WHAT THE TASK REQUIRES
No pictures belong in the copy. Retype exactly, and only, the stretch of lines below from the one with "YITAHOME Couchtisch 2er" through the one with "其實(shí),盡管皮卡一直".

[EXTRACTED ENTRIES — start]

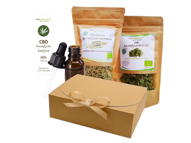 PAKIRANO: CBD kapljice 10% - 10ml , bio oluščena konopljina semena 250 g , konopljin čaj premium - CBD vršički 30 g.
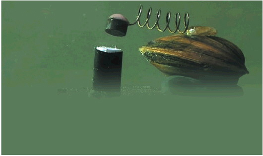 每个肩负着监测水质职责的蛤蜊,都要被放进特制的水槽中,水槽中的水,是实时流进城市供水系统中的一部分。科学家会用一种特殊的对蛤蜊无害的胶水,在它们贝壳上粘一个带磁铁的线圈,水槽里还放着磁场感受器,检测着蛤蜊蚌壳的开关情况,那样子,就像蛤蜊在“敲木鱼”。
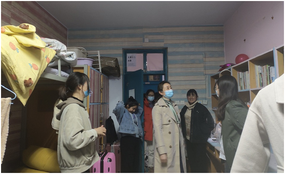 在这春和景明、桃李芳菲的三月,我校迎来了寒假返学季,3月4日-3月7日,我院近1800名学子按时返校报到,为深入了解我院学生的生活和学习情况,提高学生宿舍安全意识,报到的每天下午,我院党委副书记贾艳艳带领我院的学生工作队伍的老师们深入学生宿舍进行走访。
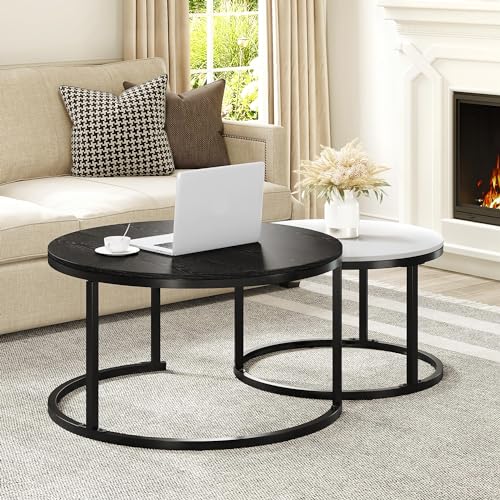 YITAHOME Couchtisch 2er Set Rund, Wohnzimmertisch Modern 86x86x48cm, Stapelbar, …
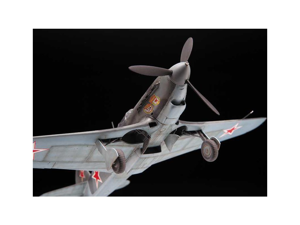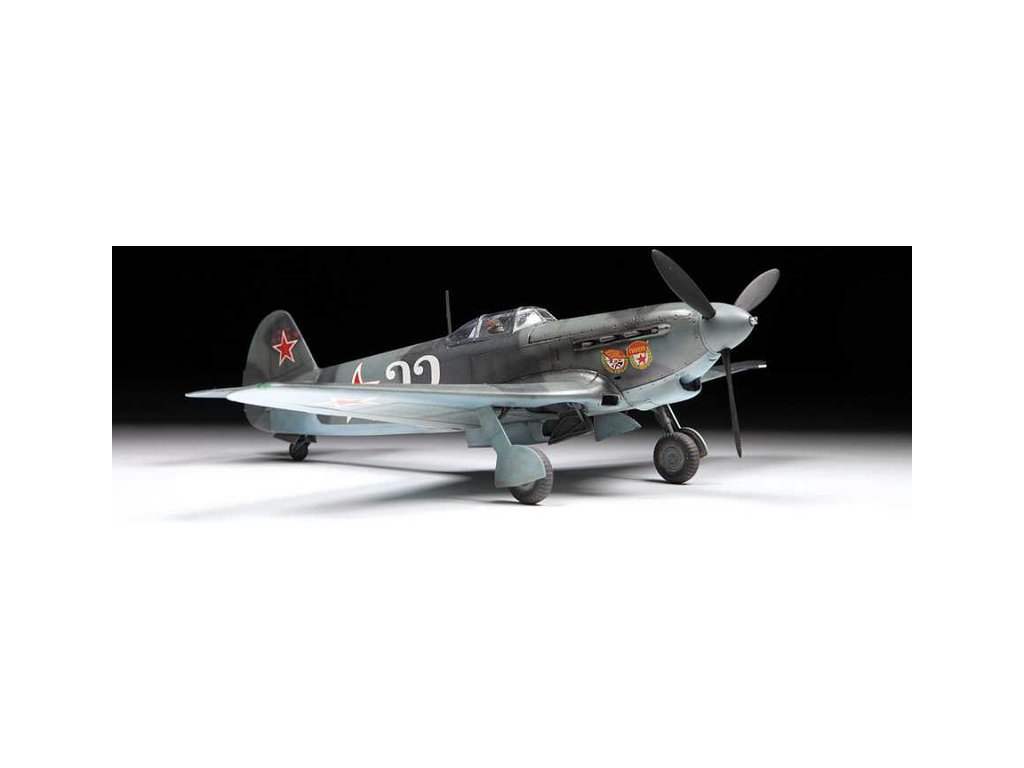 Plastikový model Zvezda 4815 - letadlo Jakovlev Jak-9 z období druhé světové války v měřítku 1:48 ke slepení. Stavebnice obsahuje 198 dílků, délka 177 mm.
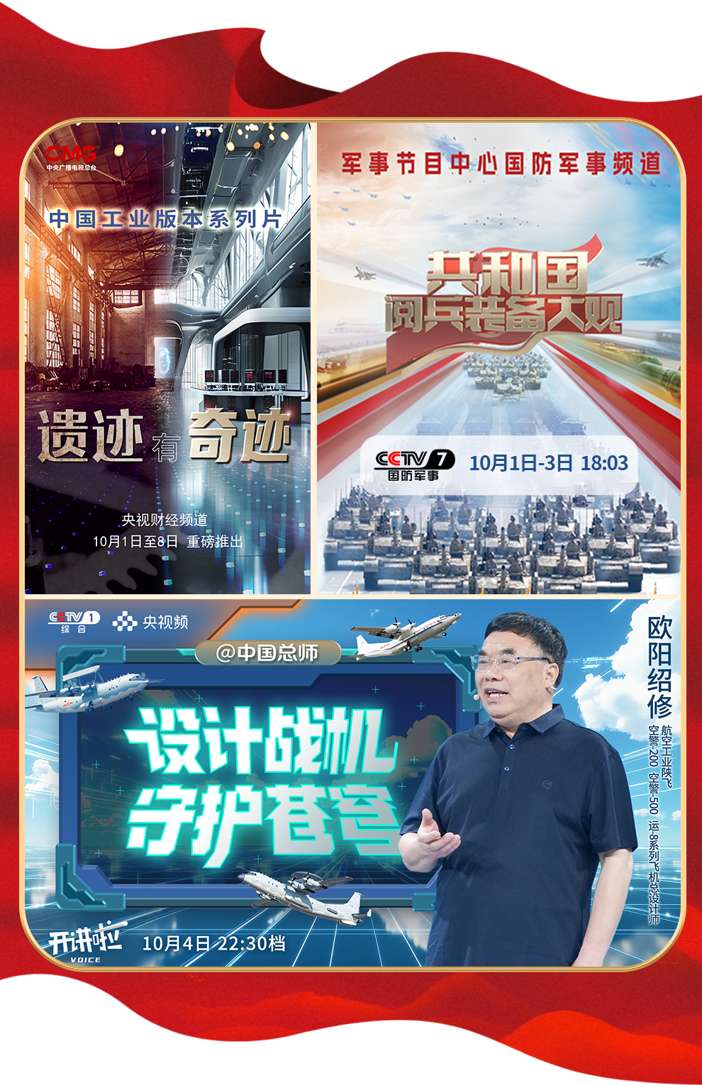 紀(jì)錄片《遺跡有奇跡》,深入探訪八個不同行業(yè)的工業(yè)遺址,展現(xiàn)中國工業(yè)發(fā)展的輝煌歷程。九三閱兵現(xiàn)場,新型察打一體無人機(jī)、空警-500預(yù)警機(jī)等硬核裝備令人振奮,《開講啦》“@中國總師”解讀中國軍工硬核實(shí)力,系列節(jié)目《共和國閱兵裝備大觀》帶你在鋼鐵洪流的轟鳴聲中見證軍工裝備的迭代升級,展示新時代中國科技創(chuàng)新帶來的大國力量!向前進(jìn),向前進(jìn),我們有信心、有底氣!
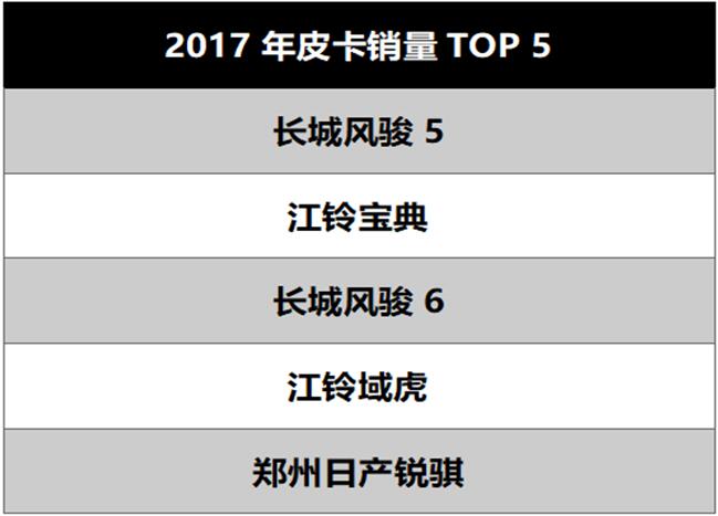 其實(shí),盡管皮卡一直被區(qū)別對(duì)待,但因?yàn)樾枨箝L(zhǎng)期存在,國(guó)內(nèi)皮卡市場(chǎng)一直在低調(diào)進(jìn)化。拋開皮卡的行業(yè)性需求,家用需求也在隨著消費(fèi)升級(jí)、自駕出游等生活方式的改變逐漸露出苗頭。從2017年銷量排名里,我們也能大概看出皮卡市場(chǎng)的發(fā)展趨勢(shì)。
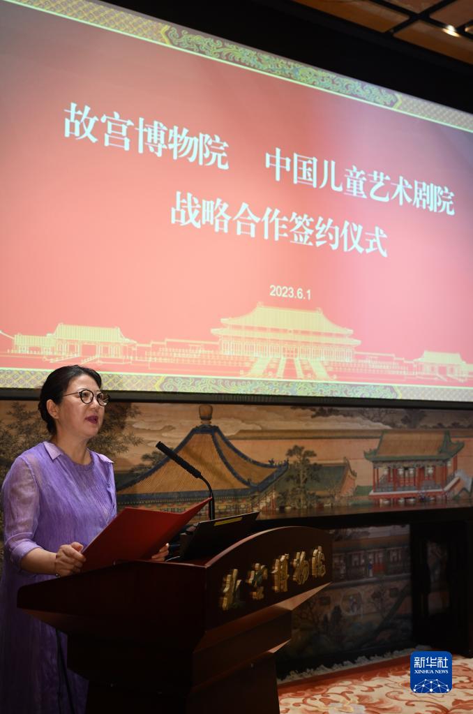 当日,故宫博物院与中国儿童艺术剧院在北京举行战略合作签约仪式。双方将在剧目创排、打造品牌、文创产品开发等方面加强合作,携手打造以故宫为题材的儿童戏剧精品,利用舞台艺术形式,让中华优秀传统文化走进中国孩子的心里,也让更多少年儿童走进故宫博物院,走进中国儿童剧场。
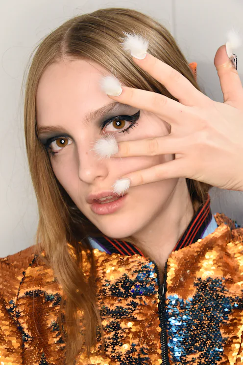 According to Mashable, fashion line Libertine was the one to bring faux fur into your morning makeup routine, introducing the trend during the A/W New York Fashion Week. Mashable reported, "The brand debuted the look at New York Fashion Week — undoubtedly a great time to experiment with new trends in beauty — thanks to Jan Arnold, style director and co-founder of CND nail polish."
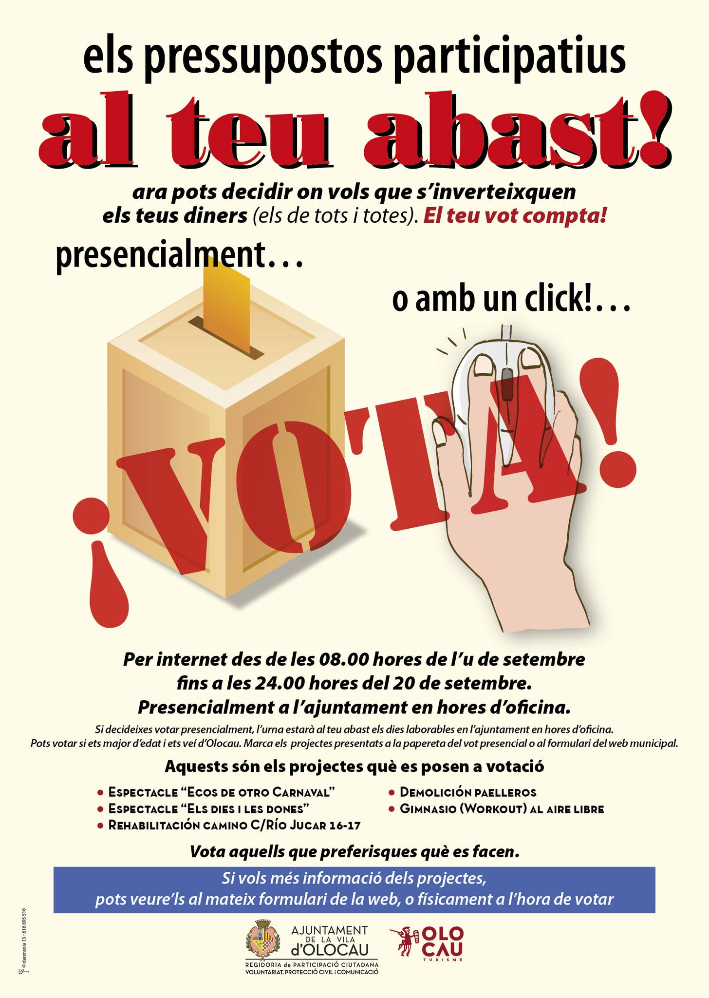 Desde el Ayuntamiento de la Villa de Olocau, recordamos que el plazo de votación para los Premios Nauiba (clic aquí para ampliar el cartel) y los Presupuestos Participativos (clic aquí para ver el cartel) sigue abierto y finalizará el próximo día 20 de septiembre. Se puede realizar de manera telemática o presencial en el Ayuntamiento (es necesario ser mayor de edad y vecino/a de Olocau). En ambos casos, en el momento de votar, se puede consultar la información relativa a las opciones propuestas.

[EXTRACTED ENTRIES — finish]

EXERCISE SOLUTION
 YITAHOME Couchtisch 2er Set Rund, Wohnzimmertisch Modern 86x86x48cm, Stapelbar, …
 Plastikový model Zvezda 4815 - letadlo Jakovlev Jak-9 z období druhé světové války v měřítku 1:48 ke slepení. Stavebnice obsahuje 198 dílků, délka 177 mm.
 紀(jì)錄片《遺跡有奇跡》,深入探訪八個不同行業(yè)的工業(yè)遺址,展現(xiàn)中國工業(yè)發(fā)展的輝煌歷程。九三閱兵現(xiàn)場,新型察打一體無人機(jī)、空警-500預(yù)警機(jī)等硬核裝備令人振奮,《開講啦》“@中國總師”解讀中國軍工硬核實(shí)力,系列節(jié)目《共和國閱兵裝備大觀》帶你在鋼鐵洪流的轟鳴聲中見證軍工裝備的迭代升級,展示新時代中國科技創(chuàng)新帶來的大國力量!向前進(jìn),向前進(jìn),我們有信心、有底氣!
 其實(shí),盡管皮卡一直被區(qū)別對(duì)待,但因?yàn)樾枨箝L(zhǎng)期存在,國(guó)內(nèi)皮卡市場(chǎng)一直在低調(diào)進(jìn)化。拋開皮卡的行業(yè)性需求,家用需求也在隨著消費(fèi)升級(jí)、自駕出游等生活方式的改變逐漸露出苗頭。從2017年銷量排名里,我們也能大概看出皮卡市場(chǎng)的發(fā)展趨勢(shì)。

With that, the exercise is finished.